(Stored dataset items)
____

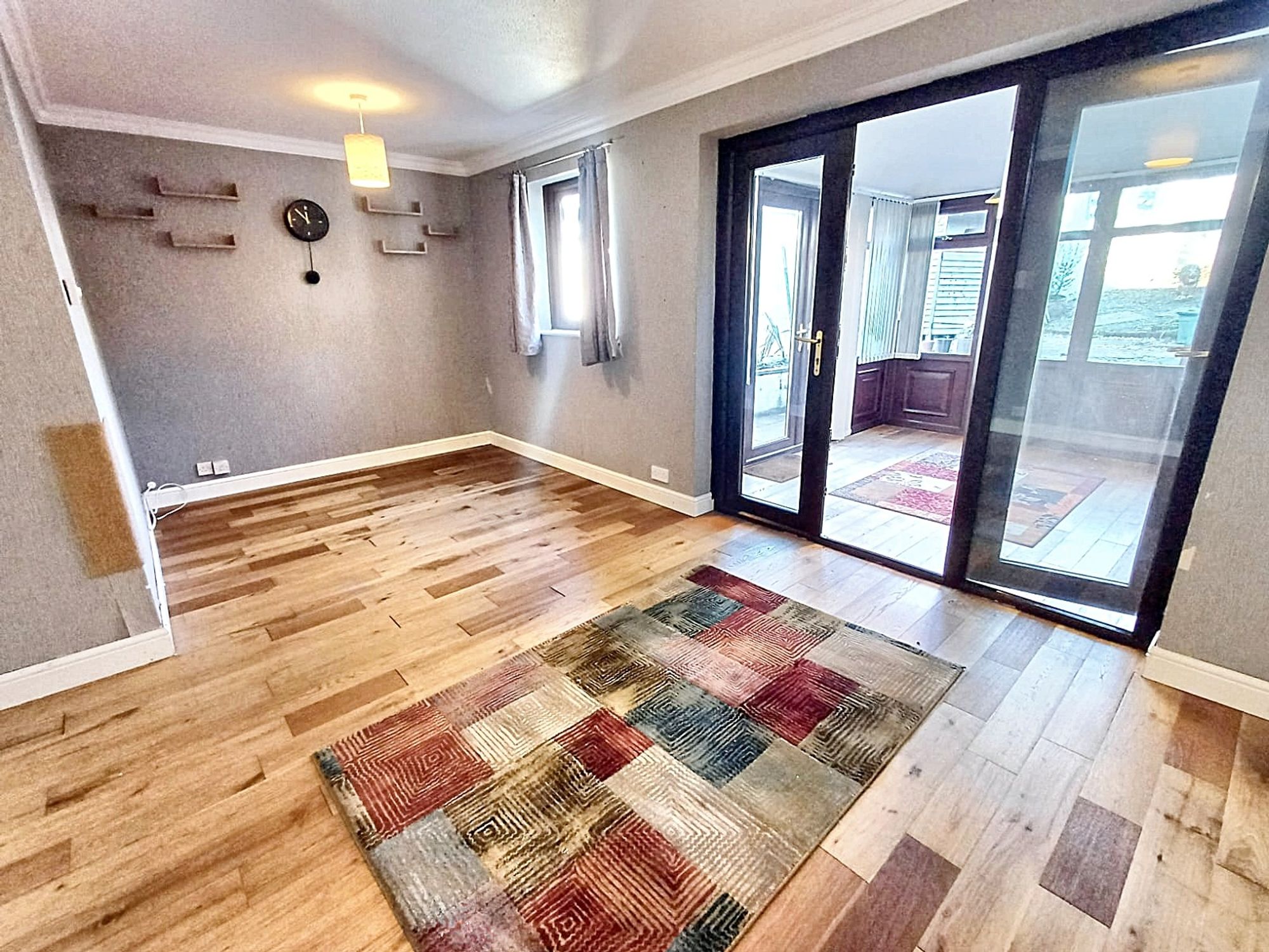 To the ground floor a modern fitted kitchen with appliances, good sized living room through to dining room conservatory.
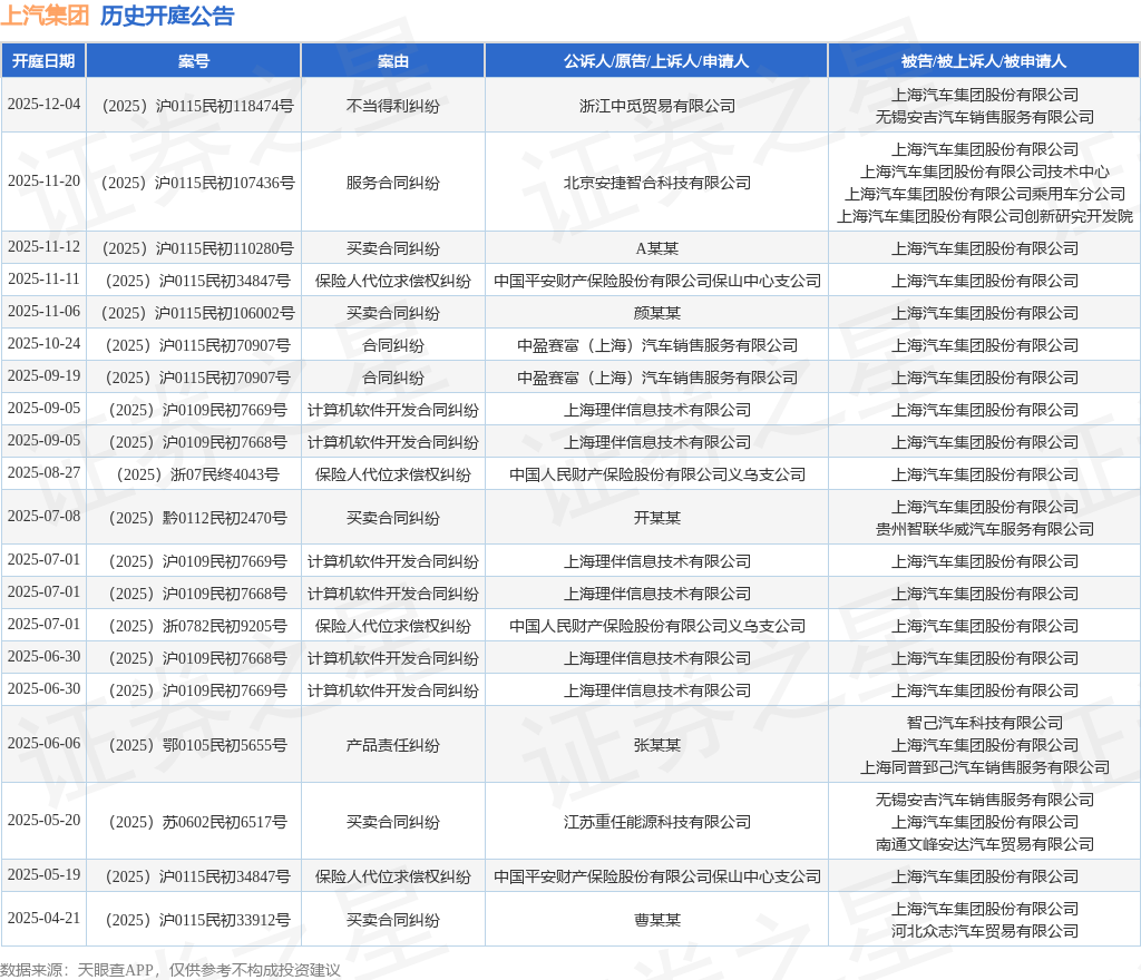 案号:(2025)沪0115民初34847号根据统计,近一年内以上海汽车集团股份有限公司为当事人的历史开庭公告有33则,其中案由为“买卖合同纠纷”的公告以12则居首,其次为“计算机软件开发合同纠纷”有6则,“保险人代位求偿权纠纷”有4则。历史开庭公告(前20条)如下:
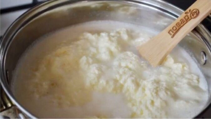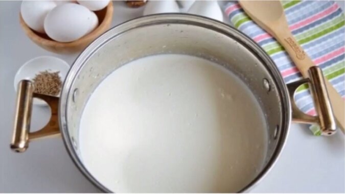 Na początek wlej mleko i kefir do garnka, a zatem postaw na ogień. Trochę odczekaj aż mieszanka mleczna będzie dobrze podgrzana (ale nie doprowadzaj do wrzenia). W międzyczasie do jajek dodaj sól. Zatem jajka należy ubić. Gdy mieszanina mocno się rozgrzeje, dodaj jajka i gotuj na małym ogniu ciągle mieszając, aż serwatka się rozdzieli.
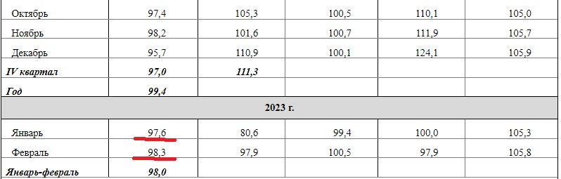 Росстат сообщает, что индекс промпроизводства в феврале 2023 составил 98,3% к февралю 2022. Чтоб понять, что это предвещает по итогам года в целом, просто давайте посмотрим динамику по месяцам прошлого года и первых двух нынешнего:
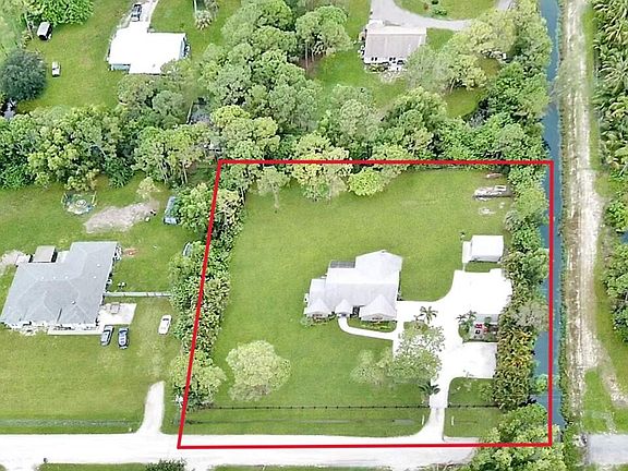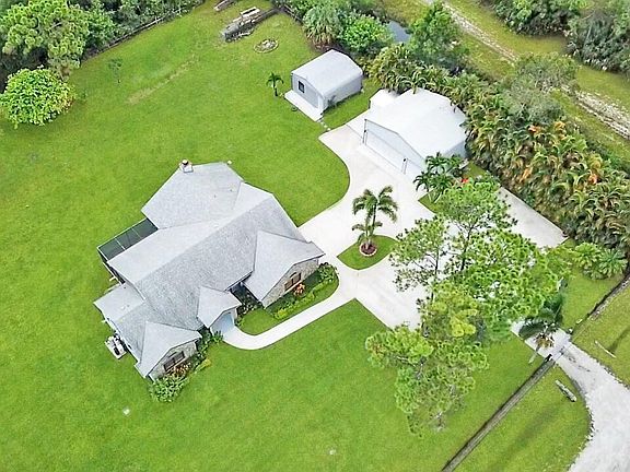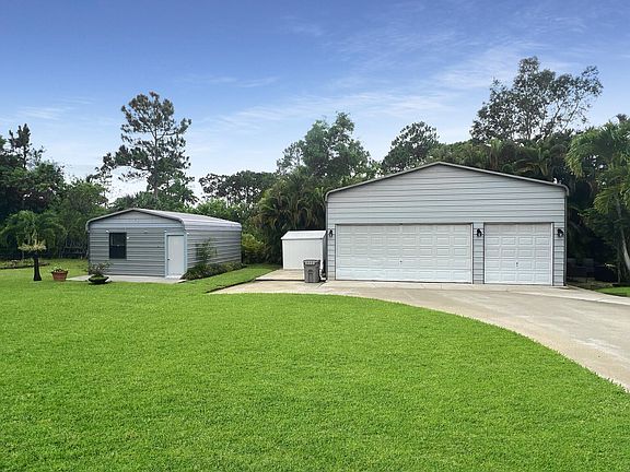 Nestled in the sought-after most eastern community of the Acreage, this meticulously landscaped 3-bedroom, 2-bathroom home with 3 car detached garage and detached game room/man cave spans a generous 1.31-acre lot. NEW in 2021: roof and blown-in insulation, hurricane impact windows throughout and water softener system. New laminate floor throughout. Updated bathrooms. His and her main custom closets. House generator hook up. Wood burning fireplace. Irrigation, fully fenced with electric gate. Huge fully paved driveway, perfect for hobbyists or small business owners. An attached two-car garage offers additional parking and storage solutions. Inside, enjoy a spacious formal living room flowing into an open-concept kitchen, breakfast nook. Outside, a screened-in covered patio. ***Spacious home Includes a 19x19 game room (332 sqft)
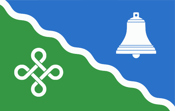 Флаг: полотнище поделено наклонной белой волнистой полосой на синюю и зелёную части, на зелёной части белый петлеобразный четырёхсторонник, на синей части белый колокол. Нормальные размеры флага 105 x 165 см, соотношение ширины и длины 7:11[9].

____

> _PROBLEM_: Return each record as written, minus its images.

> _ANSWER TO THIS PROBLEM_:
 To the ground floor a modern fitted kitchen with appliances, good sized living room through to dining room conservatory.
 案号:(2025)沪0115民初34847号根据统计,近一年内以上海汽车集团股份有限公司为当事人的历史开庭公告有33则,其中案由为“买卖合同纠纷”的公告以12则居首,其次为“计算机软件开发合同纠纷”有6则,“保险人代位求偿权纠纷”有4则。历史开庭公告(前20条)如下:
 Na początek wlej mleko i kefir do garnka, a zatem postaw na ogień. Trochę odczekaj aż mieszanka mleczna będzie dobrze podgrzana (ale nie doprowadzaj do wrzenia). W międzyczasie do jajek dodaj sól. Zatem jajka należy ubić. Gdy mieszanina mocno się rozgrzeje, dodaj jajka i gotuj na małym ogniu ciągle mieszając, aż serwatka się rozdzieli.
 Росстат сообщает, что индекс промпроизводства в феврале 2023 составил 98,3% к февралю 2022. Чтоб понять, что это предвещает по итогам года в целом, просто давайте посмотрим динамику по месяцам прошлого года и первых двух нынешнего:
 Nestled in the sought-after most eastern community of the Acreage, this meticulously landscaped 3-bedroom, 2-bathroom home with 3 car detached garage and detached game room/man cave spans a generous 1.31-acre lot. NEW in 2021: roof and blown-in insulation, hurricane impact windows throughout and water softener system. New laminate floor throughout. Updated bathrooms. His and her main custom closets. House generator hook up. Wood burning fireplace. Irrigation, fully fenced with electric gate. Huge fully paved driveway, perfect for hobbyists or small business owners. An attached two-car garage offers additional parking and storage solutions. Inside, enjoy a spacious formal living room flowing into an open-concept kitchen, breakfast nook. Outside, a screened-in covered patio. ***Spacious home Includes a 19x19 game room (332 sqft)
 Флаг: полотнище поделено наклонной белой волнистой полосой на синюю и зелёную части, на зелёной части белый петлеобразный четырёхсторонник, на синей части белый колокол. Нормальные размеры флага 105 x 165 см, соотношение ширины и длины 7:11[9].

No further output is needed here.